Argumenta – Journal of Analytic Philosophy

Coping is customarily understood as those thoughts and actions humans adopt while undergoing situations appraised as threatening and stressful, or when people’s sense of who they are and what they should do is significantly challenged. In these cases, coping thoughts and actions help one endure and hopefully overcome these stresses, threats, and/or challenges. Discussions of coping are common among psychologists, but nearly absent from the philosophical literature despite their importance in theories of agency and for closely related concepts like resilience. Building from psychological theories of coping, I offer a first philosophical exploration of the concept by showing how it can relate to and enrich extant work on agency and resilience and contribute to a more nuanced account of agency itself, especially as exercised in less-than-ideal conditions.

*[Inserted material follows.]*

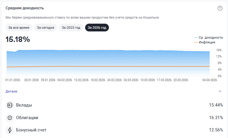 В марте продолжали инвестирование в депозиты через маркетплейс ФинУслуги. Доходность по депозитам с начала года составляет 15,44%. Мартовское снижение ключевой ставки до 15% снизило и ставки депозитов на маркетплейсе, сейчас 14,2% на 3-х и 14,5% на 6-ти месячные депозиты. Структура депозитов по банкам: В общем объеме инвестиций через ФинУслуги депозиты составляют 84%. Инвестиции в народные облигации Черкизово, ЕвроТРанс и МТС: Облигации Томской области были в марте погашены, а жалко, там годовой купонный доход составлял 23% (20,01% за вычетом НДФЛ). В марте депозит на брокерском счете рос только за счет зачисления на брокерский счет купонного дохода, который инвестировали в облигации. Доход (за вычетом НДФЛ) к марту составил 3,78%, из них купонный доход 3,64% остальное дивиденды и чуть доход от продажи акций. В марте продолжали докупать облигации за счет выплаченного купонного дохода. Годовая доходность портфеля облигаций в марте составила 16,11% (за вычетом НДФЛ), в портфеле облигации

In common parlance, to cope means “to manage, deal (competently) with, a situation or problem” (Oxford English Dictionary).  More technically, psychologists understand coping as the ways individuals deal with stress (Folkman and Moskowitz 2004), where stress is defined as “a negative emotional experience accompanied by predictable biochemical, physiological, cognitive, and behavioral changes that are directed either toward altering the stressful event or accommodating to its effects” (Taylor 2015: 113). Situations prompting coping might range from the mundane—as when navigating the normally stressful periods of our lives, such as the transition from childhood to adolescence, or common challenges of adulthood (conflict in partnership, parenting, work/job)—to increasingly more exceptional circumstances, such as the loss of a loved one, acquiring a severe illness (acute or chronic), facing mental health issues, or enduring abusive or…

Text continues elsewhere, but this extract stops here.